This IPython notebook illustrates the usage of the ctpfrec Python package for Collaborative Topic Poisson Factorization in recommender systems based on sparse count data using the RetailRocket dataset, consisting of event logs (view, add to cart, purchase) from an online catalog of products plus anonymized text descriptions of items.
Collaborative Topic Poisson Factorization is a probabilistic model that tries to jointly factorize the user-item interaction matrix along with item-word text descriptions (as bag-of-words) of the items by the product of lower dimensional matrices.

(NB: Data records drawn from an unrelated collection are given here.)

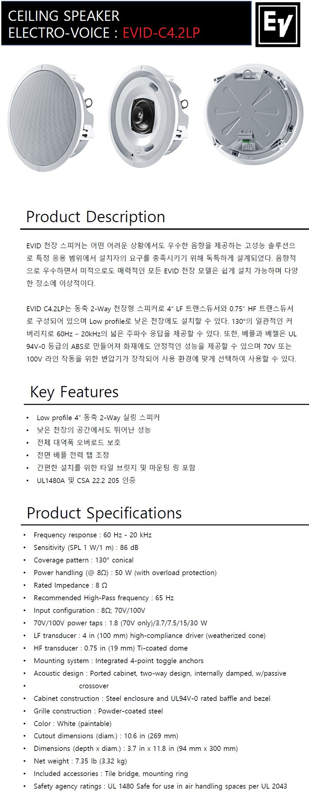 EVID-C4.2LP 이브이 EV 실링 스피커 50W,2웨이 방식,하이/로우임피던스 겸용, EVIDC4.2LP
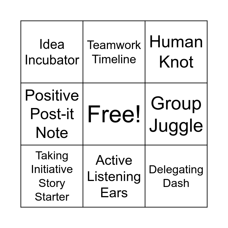 This bingo card has a free space and 11 words: Teamwork Tango, Active Listening Ears, Delegating Dash, Taking Initiative Story Starter, Teamwork Timeline, Human Knot, Group Juggle, Code Breaker, Positive Post-it Note, Idea Incubator and Leading by Example Freeze Dance.
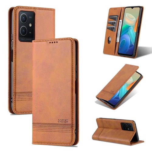 Para Vivo Y33S 5G / Y75 5G Azns Texture Magnética Texture Telea de Cuero de Cuero (Marrón Claro)
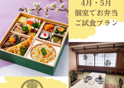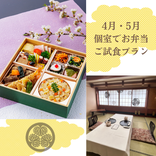 お昼限定、宅配弁当のご試食プランをご用意いたしました。 料亭の個室にて、ゆったりとお過ごしいただきながらお召し上がりいただけます。 4月・5月は、春季限定のお弁当【春薫(はるか)】をご用意。 料理長自慢の出汁が香るお吸...
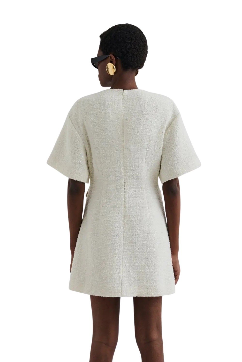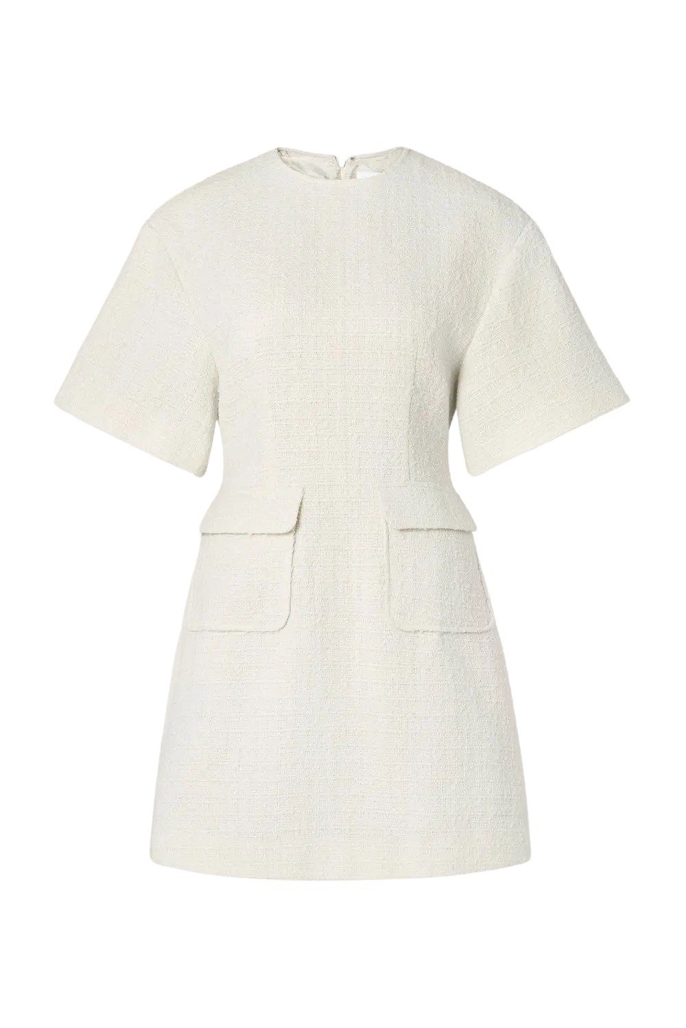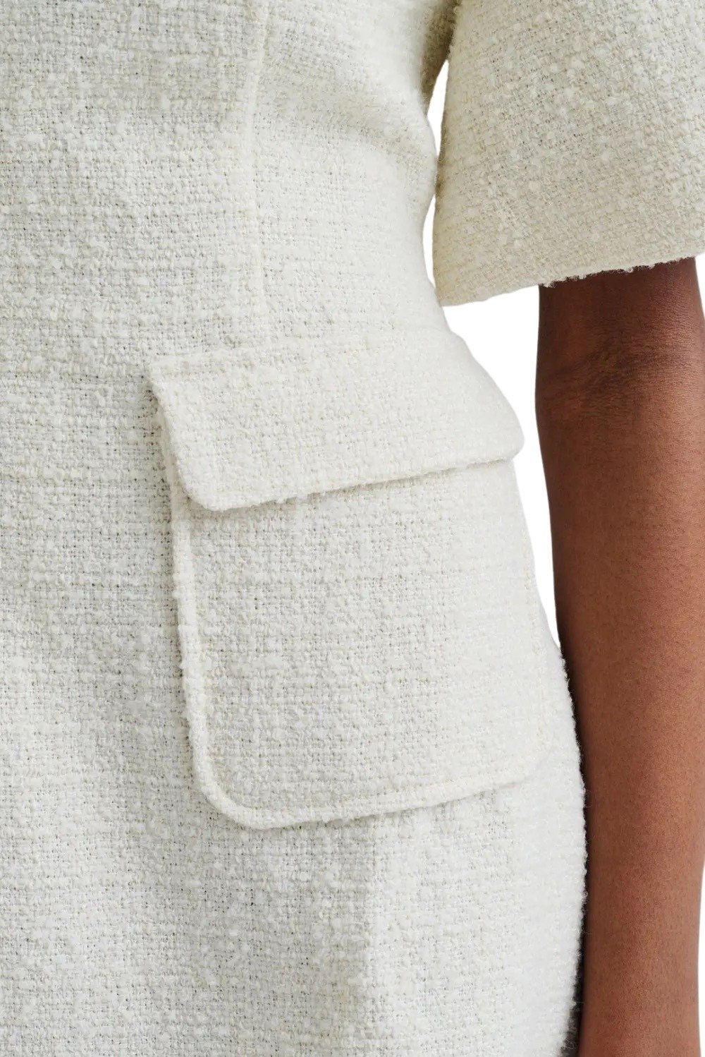Kjole til dame fra Malina. Minikjole i bouclé med lommer og korte ermer. En sofistikert kjole med feminin fasong til både formelle og uformelle anledninger.

The package can also extend this model to add user attributes in the same format as the items’.
Compared to competing methods such as BPR (Bayesian Personalized Ranking) or weighted-implicit NMF (non-negative matrix factorization of the non-probabilistic type that uses squared loss), it only requires iterating over the data for which an interaction was observed and not over data for which no interaction was observed (i.e. it doesn’t iterate over items not clicked by a user), thus being more scalable, and at the same time producing better results when fit to sparse count data (in general). Same for the word counts of items.

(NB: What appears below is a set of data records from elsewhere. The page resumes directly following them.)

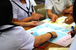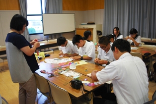 午前の部では、しおりとお守り作成を行ないました。天草地区の図書委員が一人ひとり自分が好きなようにデコレーションしたしおりや、中に花の種を入れたお守りをつくりました。どこの高校も真剣に取り組んでおり、たくさん作ったしおりやお守りなどは、夏休みに体験入学に来る中学生にもプレゼントします。皆さんに本のよさを知ってもらいたいと思います。
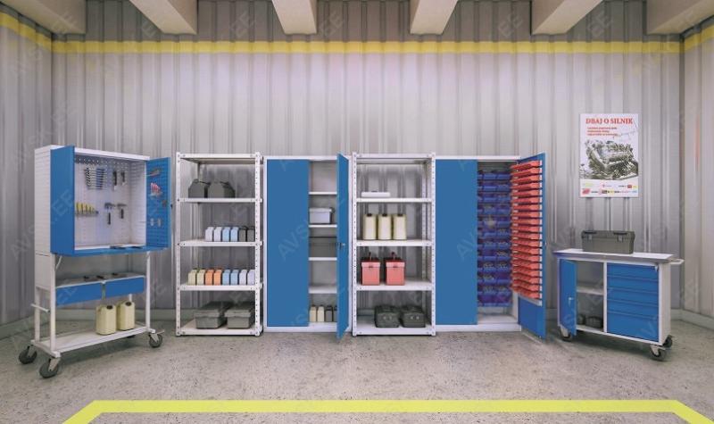 Tugeva ja jäiga keevisraamiga. mitte kokku polditud kapp. kontorisse. töökodadesse. tööstusele. Kapp sisaldab 4 riiuliplaati. kokku 5 riiulivahet. Riiuliplaadid kõrguses vabalt seatavad vastavalt vajadusele. Lisa riiuliplaat tootekoodiga 997000130. Uks lukustatav. Kapp helehall. uksed sinised RAL5012. Valmistatud 0.8 mm terasplekist.
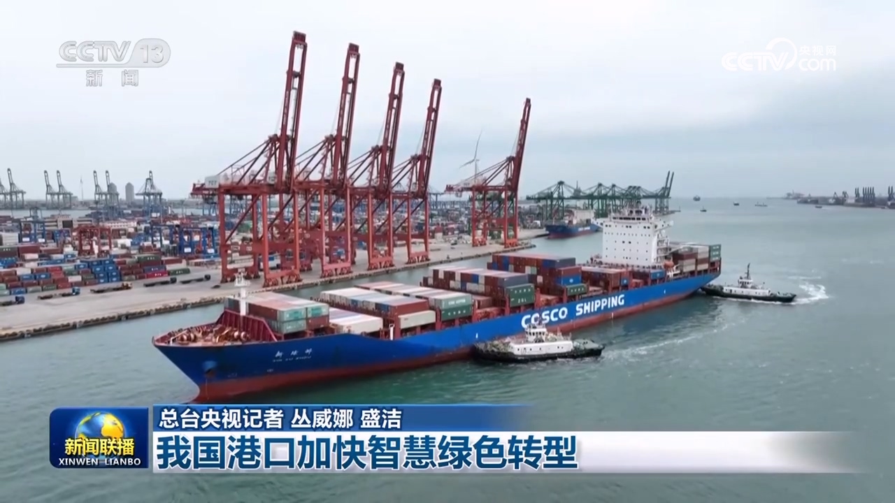交通運(yùn)輸部數(shù)據(jù)顯示,今年1—4月,我國(guó)港口完成集裝箱吞吐量1.1億標(biāo)箱,同比增長(zhǎng)7.9%。貨物運(yùn)輸高效流轉(zhuǎn),綠色低碳設(shè)施設(shè)備也在推動(dòng)港口可持續(xù)發(fā)展。在天津港,這艘集裝箱船剛剛靠泊,岸電系統(tǒng)就開(kāi)始為船舶供電,大大降低了靠港期間的污染物排放。

The implementation here is based on the paper Content-based recommendations with poisson factorization (Gopalan, P.K., Charlin, L. and Blei, D., 2014).
For a similar package for explicit feedback data see also cmfrec. For Poisson factorization without side information see hpfrec.

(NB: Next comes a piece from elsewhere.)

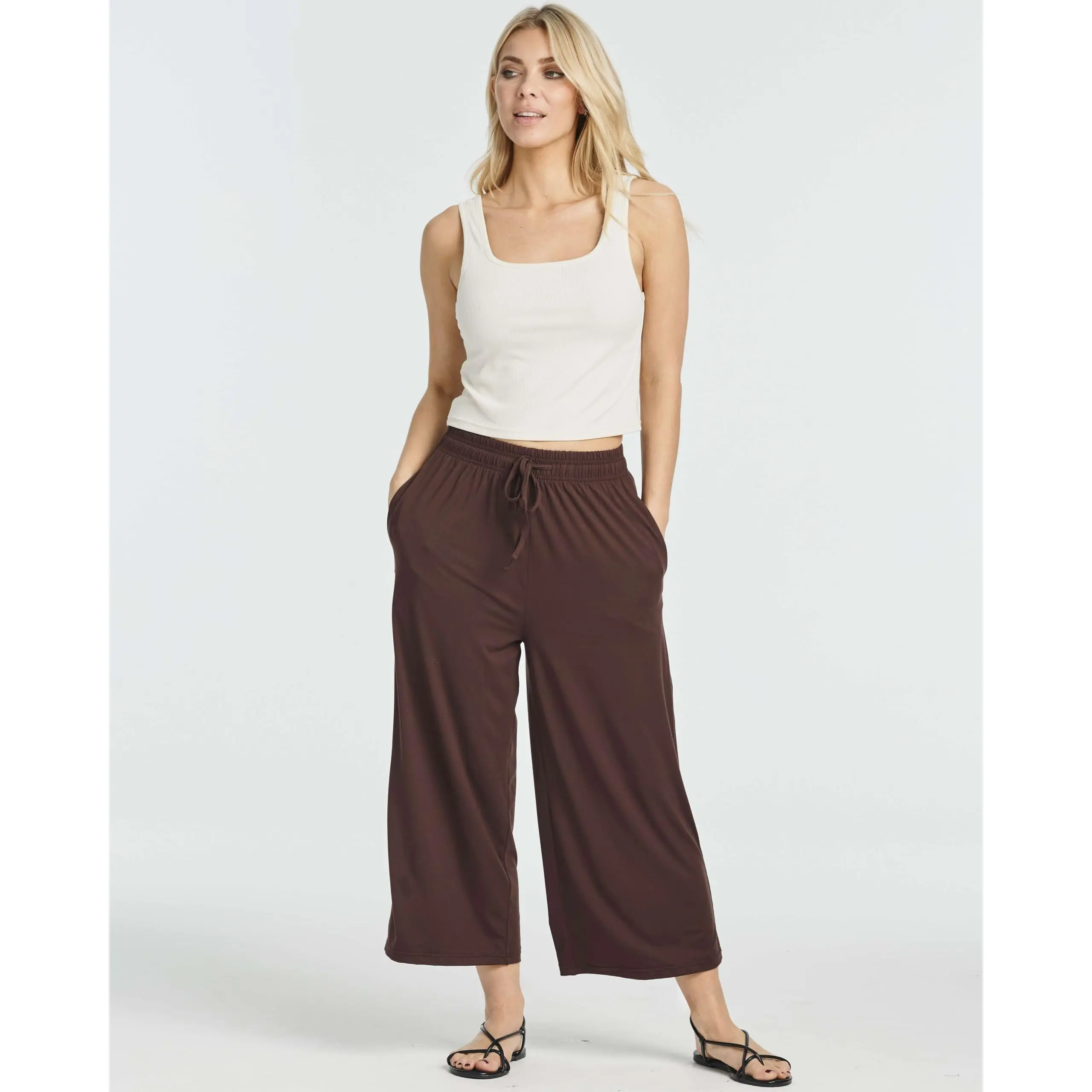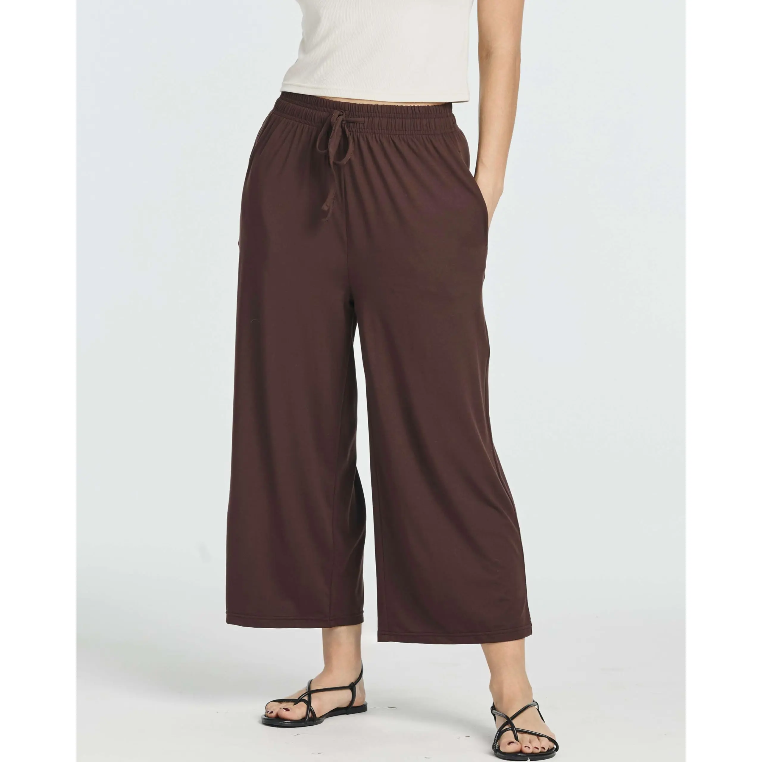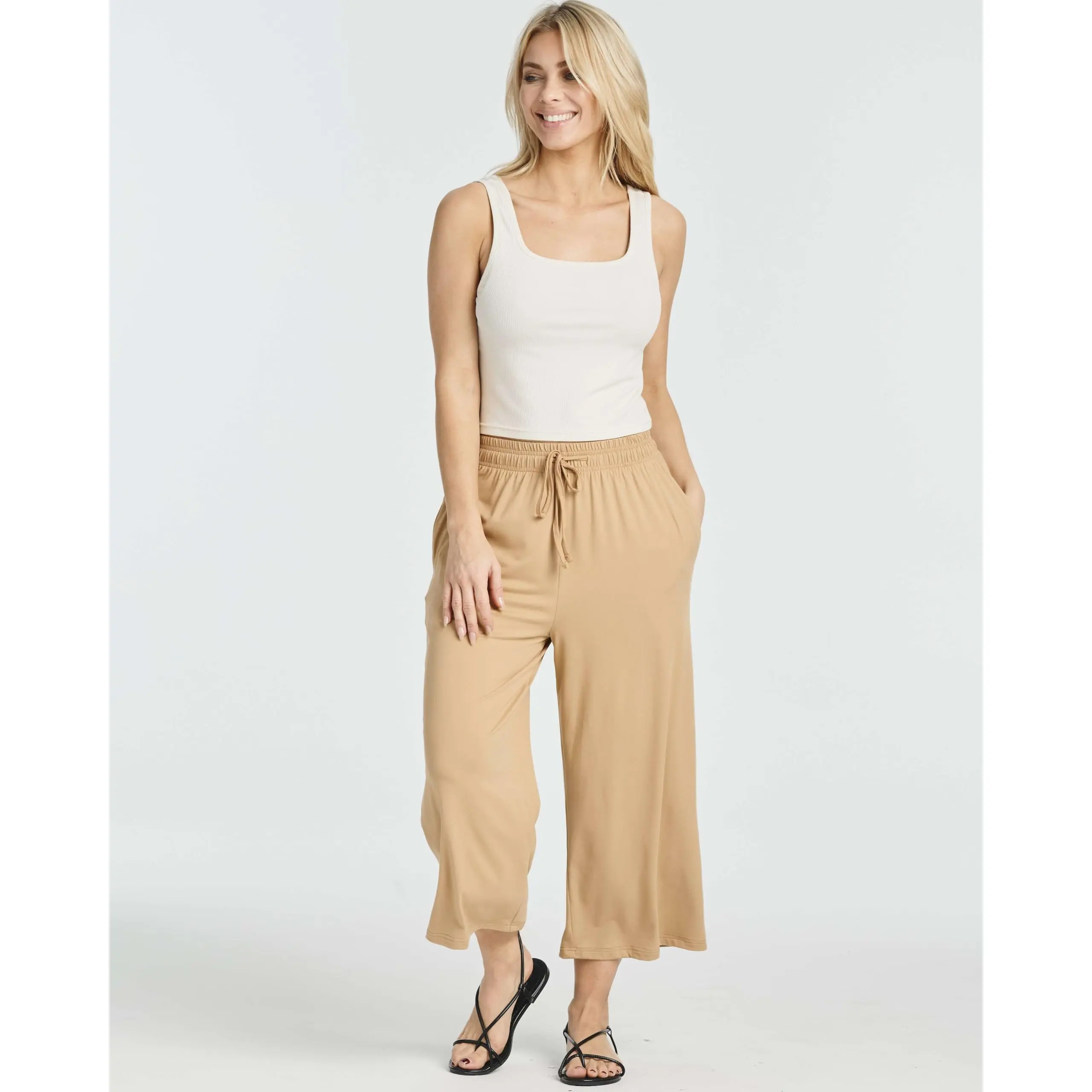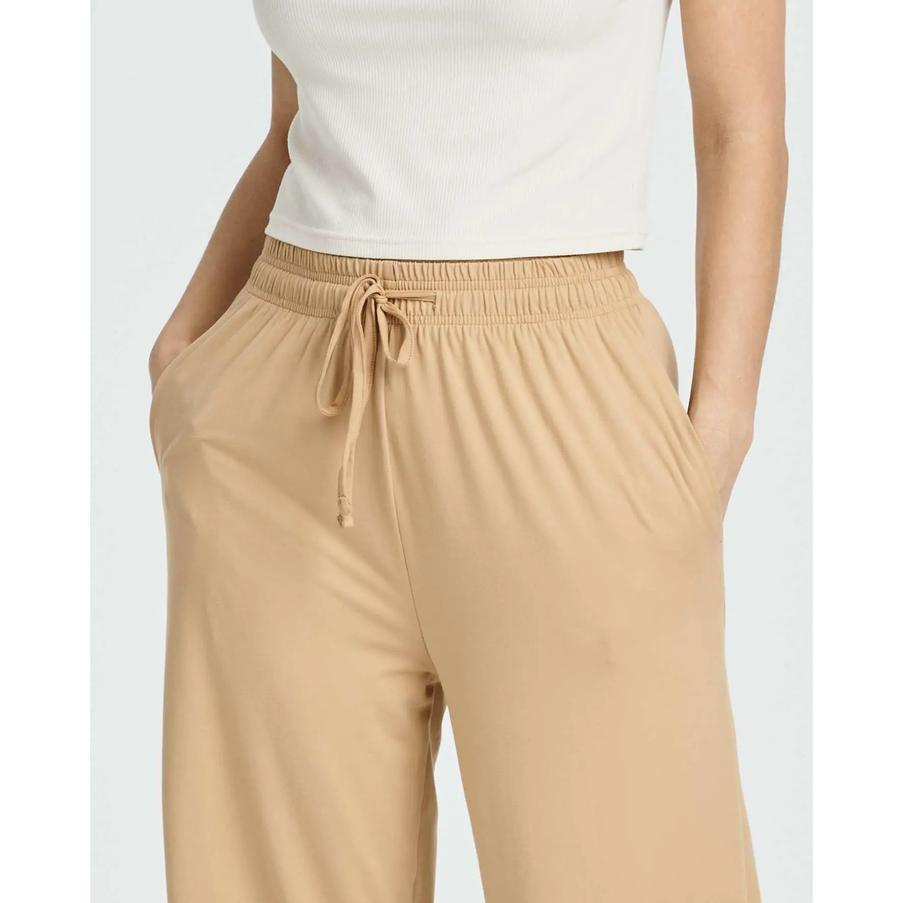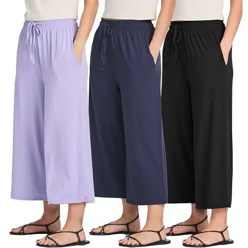 Capri’s r soft & very comfy w lightweight jersey material perfect for summer. Washed really well no wrinkles. Hav pockets. Elastic band at top is substantial. I sized down to small I’m right between med & small and they fit perfectly. Ordering another set! Not a solicited r paid review.

Small note: if the TOC here is not clickable or the math symbols don't show properly, try visualizing this same notebook from nbviewer following this link.
The model consists in producing a low-rank non-negative matrix factorization of the item-word matrix (a.k.a. bag-of-words, a matrix where each row represents an item and each column a word, with entries containing the number of times each word appeared in an item’s text, ideally with some pre-processing on the words such as stemming or lemmatization) by the product of two lower-rank matrices
$$ W_{iw} \approx \Theta_{ik} \beta_{wk}^T $$along with another low-rank matrix factorization of the user-item activity matrix (a matrix where each entry corresponds to how many times each user interacted with each item) that shares the same item-factor matrix above plus an offset based on user activity and not based on items’ words
$$ Y_{ui} \approx \eta_{uk} (\Theta_{ik} + \epsilon_{ik})^T $$These matrices are assumed to come from a generative process as follows:
(Where $W$ is the item-word count matrix, $k$ is the number of latent factors, $i$ is the number of items, $w$ is the number of words)
(Where $u$ is the number of users, $Y$ is the user-item interaction matrix)
The model is fit using mean-field variational inference with coordinate ascent. For more details see the paper in the references.
Reading and concatenating the data. First the event logs:
import numpy as np, pandas as pd
events = pd.read_csv("events.csv")
events.head()
timestamp | visitorid | event | itemid | transactionid | |
---|---|---|---|---|---|
0 | 1433221332117 | 257597 | view | 355908 | NaN |
1 | 1433224214164 | 992329 | view | 248676 | NaN |
2 | 1433221999827 | 111016 | view | 318965 | NaN |
3 | 1433221955914 | 483717 | view | 253185 | NaN |
4 | 1433221337106 | 951259 | view | 367447 | NaN |
events.event.value_counts()
view 2664312 addtocart 69332 transaction 22457 Name: event, dtype: int64
In order to put all user-item interactions in one scale, I will arbitrarily assign values as follows:
Thus, if a user clicks an item, that (user, item)
pair will have value=1
, if she later adds it to cart and purchases it, will have value=7
(plus any other views of the same item), and so on.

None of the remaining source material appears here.